- _Exercise_: Write out the records in full and without alteration, setting aside their pictures.

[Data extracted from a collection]
- - -
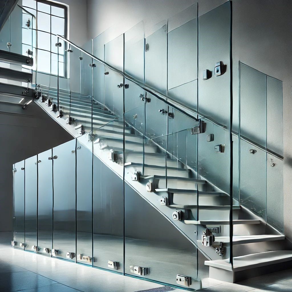 For staircase panels, toughened glass ensures safety considerations with strength, while laminated glass adds extra protection. Customizable designs in clear, frosted, or tinted glass cater to various design styles, enhancing aesthetics and functionality in modern architecture.
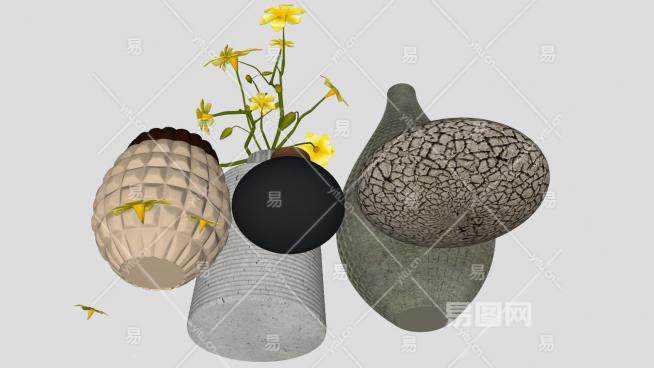 室内装饰陶瓷花瓶系列SU模型下载_sketchup草图大师SKP模型
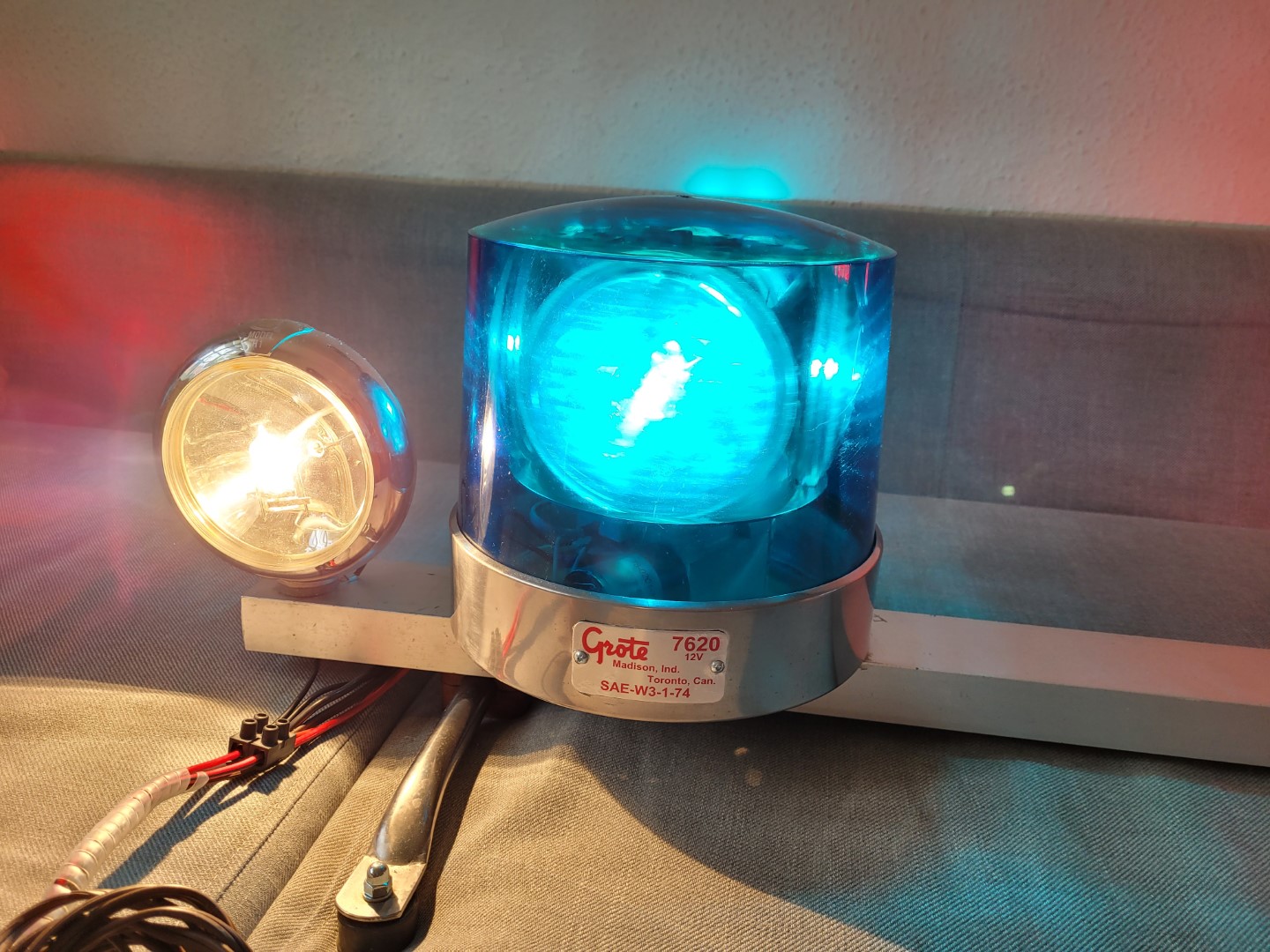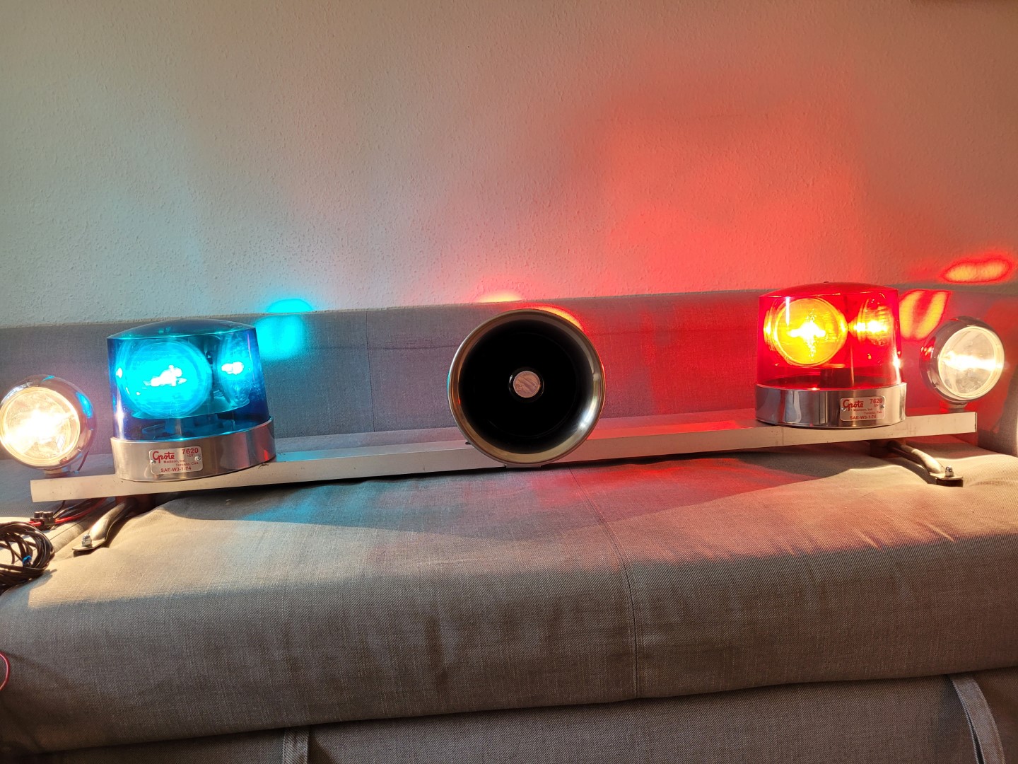 Insgesamt eine interessante Aufgabe für eine seltene lightbar mit konkretem Vorbild. Im Nachhinein war es die richtige Entscheidung das gute Stück wieder im Original aufzubauen. Neben den üblichen Reinigungsarbeiten habe ich auch Neuteile organisert oder Altteile aufgearbeitet. Ein paar Modifikationen gab es auch (Endkappen, Stopfen neben dem Speaker). Die GROTE Leuchten sind teilweise mit neuen Teilen versehen, teilweise restauriert (geschliffen, poliert usw.) oder mit Ersatzteilen aus der Kiste wieder aufgebaut. Sehr viele Schrauben sind neu. Typenschilder sind ebenso neu gestaltet. Und hier in Aktion: Video folgt |
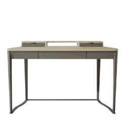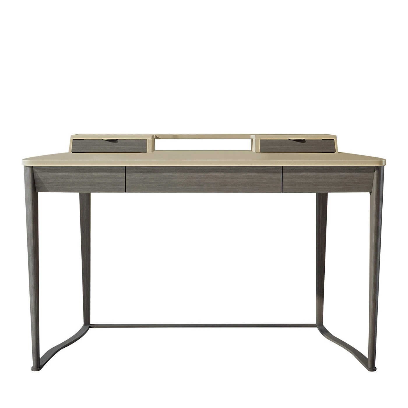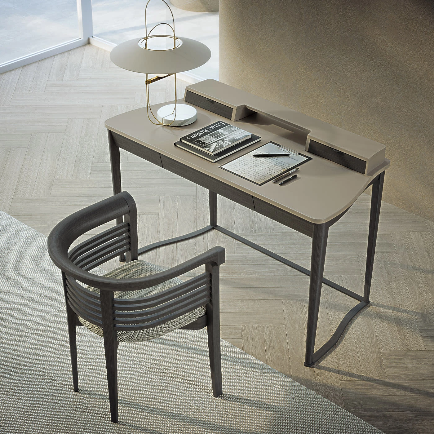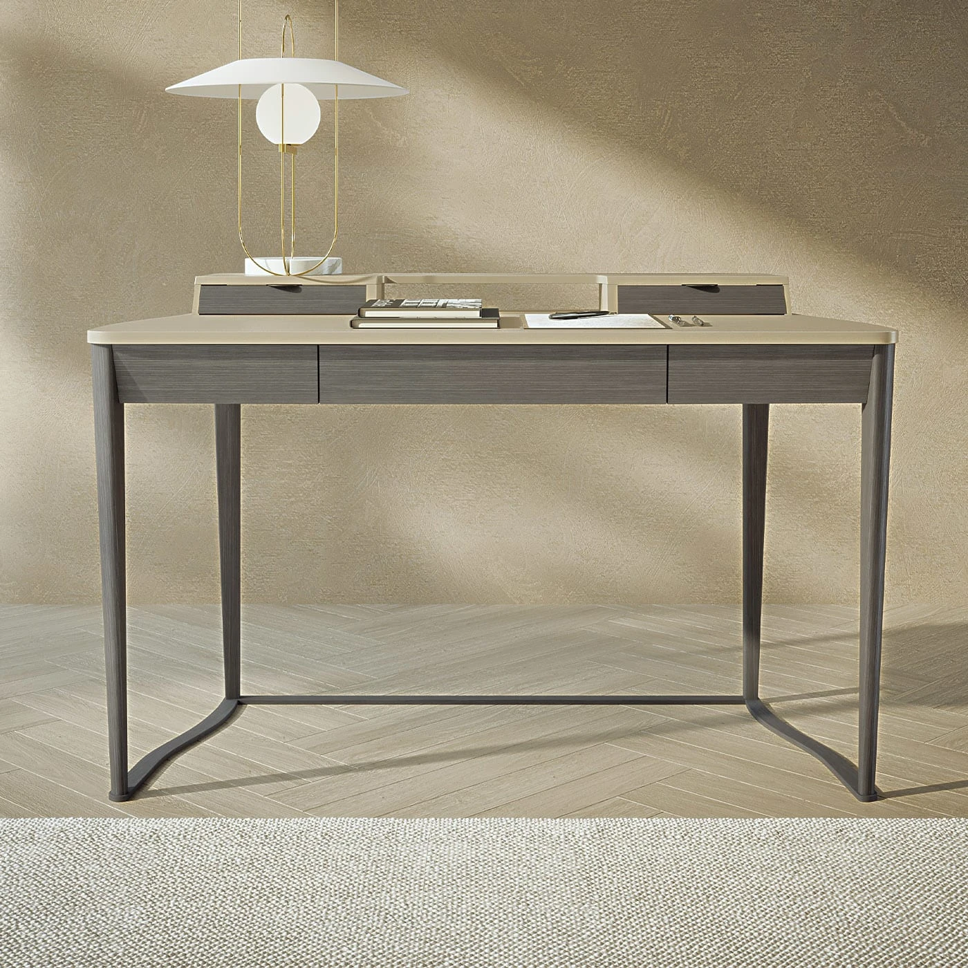 Writing desk in Canaletto walnut with large drawer with push and pull mechanism and small drawers with metal handle in the upper part. Legs in solid wood in Canaletto walnut tone. Top covered in leather, available in different colors. Also available in the dark Tay version.
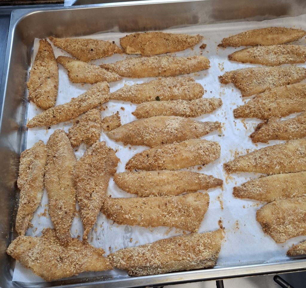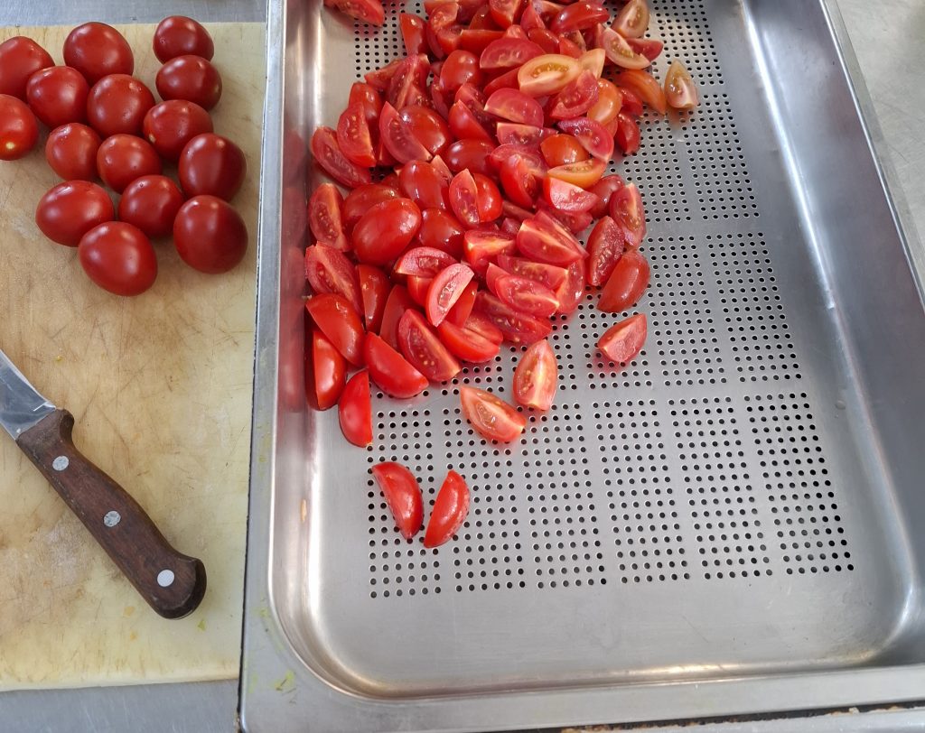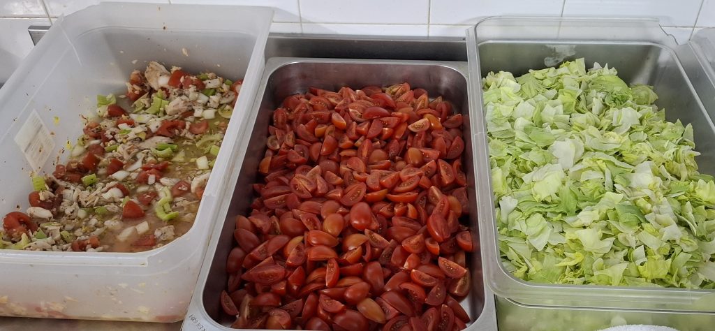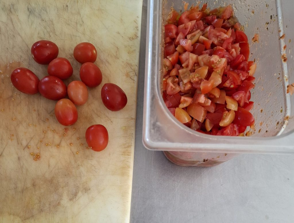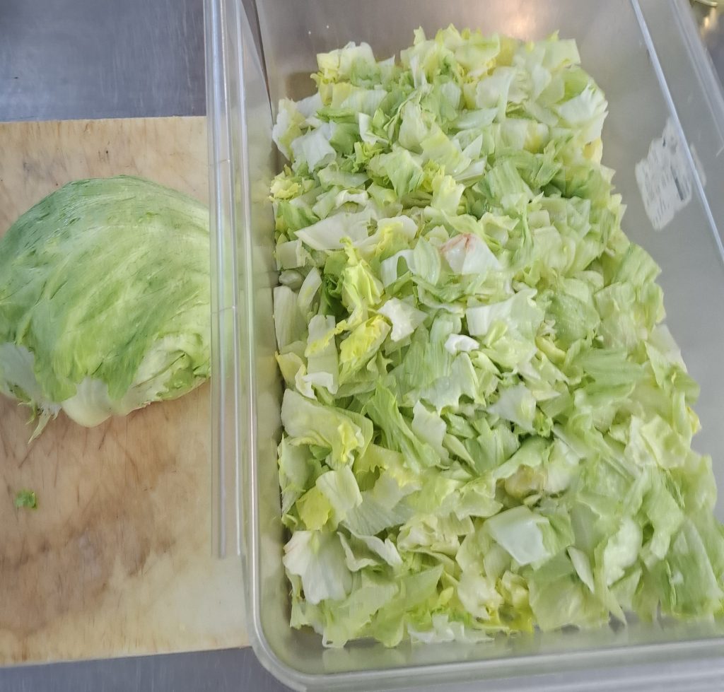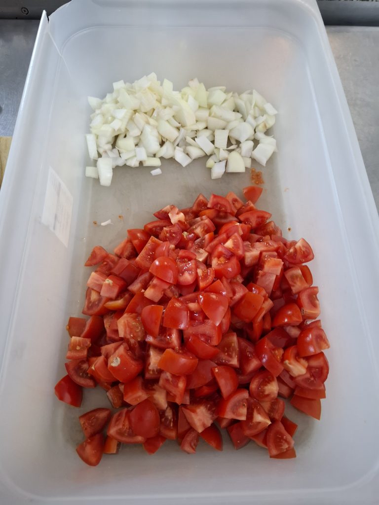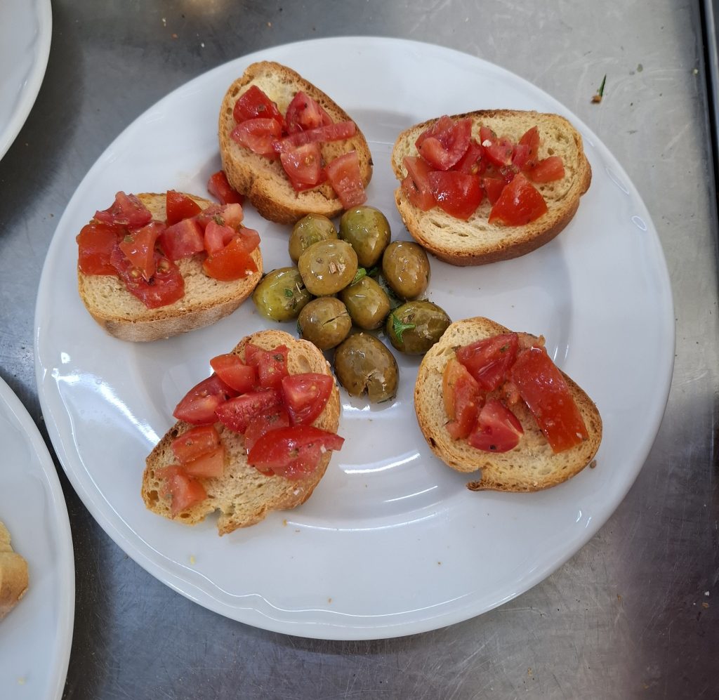Unser Tag begann um 11:00 Uhr und dauerte bis 14:30 Uhr, bevor wir abends von 19:00 bis 22:00 Uhr wieder im Einsatz waren. Zuerst schnitten wir Tomaten und schälten Zwiebeln, bevor wir den Eisbergsalat klein hackten. Danach bereiteten wir Bruschetta mit frischen Tomaten und Oliven vor – eine Aufgabe, die uns immer leichter von der Hand geht.
- - -
- _Output below_:
 For staircase panels, toughened glass ensures safety considerations with strength, while laminated glass adds extra protection. Customizable designs in clear, frosted, or tinted glass cater to various design styles, enhancing aesthetics and functionality in modern architecture.
 室内装饰陶瓷花瓶系列SU模型下载_sketchup草图大师SKP模型
 Insgesamt eine interessante Aufgabe für eine seltene lightbar mit konkretem Vorbild. Im Nachhinein war es die richtige Entscheidung das gute Stück wieder im Original aufzubauen. Neben den üblichen Reinigungsarbeiten habe ich auch Neuteile organisert oder Altteile aufgearbeitet. Ein paar Modifikationen gab es auch (Endkappen, Stopfen neben dem Speaker). Die GROTE Leuchten sind teilweise mit neuen Teilen versehen, teilweise restauriert (geschliffen, poliert usw.) oder mit Ersatzteilen aus der Kiste wieder aufgebaut. Sehr viele Schrauben sind neu. Typenschilder sind ebenso neu gestaltet. Und hier in Aktion: Video folgt |
 Writing desk in Canaletto walnut with large drawer with push and pull mechanism and small drawers with metal handle in the upper part. Legs in solid wood in Canaletto walnut tone. Top covered in leather, available in different colors. Also available in the dark Tay version.
Unser Tag begann um 11:00 Uhr und dauerte bis 14:30 Uhr, bevor wir abends von 19:00 bis 22:00 Uhr wieder im Einsatz waren. Zuerst schnitten wir Tomaten und schälten Zwiebeln, bevor wir den Eisbergsalat klein hackten. Danach bereiteten wir Bruschetta mit frischen Tomaten und Oliven vor – eine Aufgabe, die uns immer leichter von der Hand geht.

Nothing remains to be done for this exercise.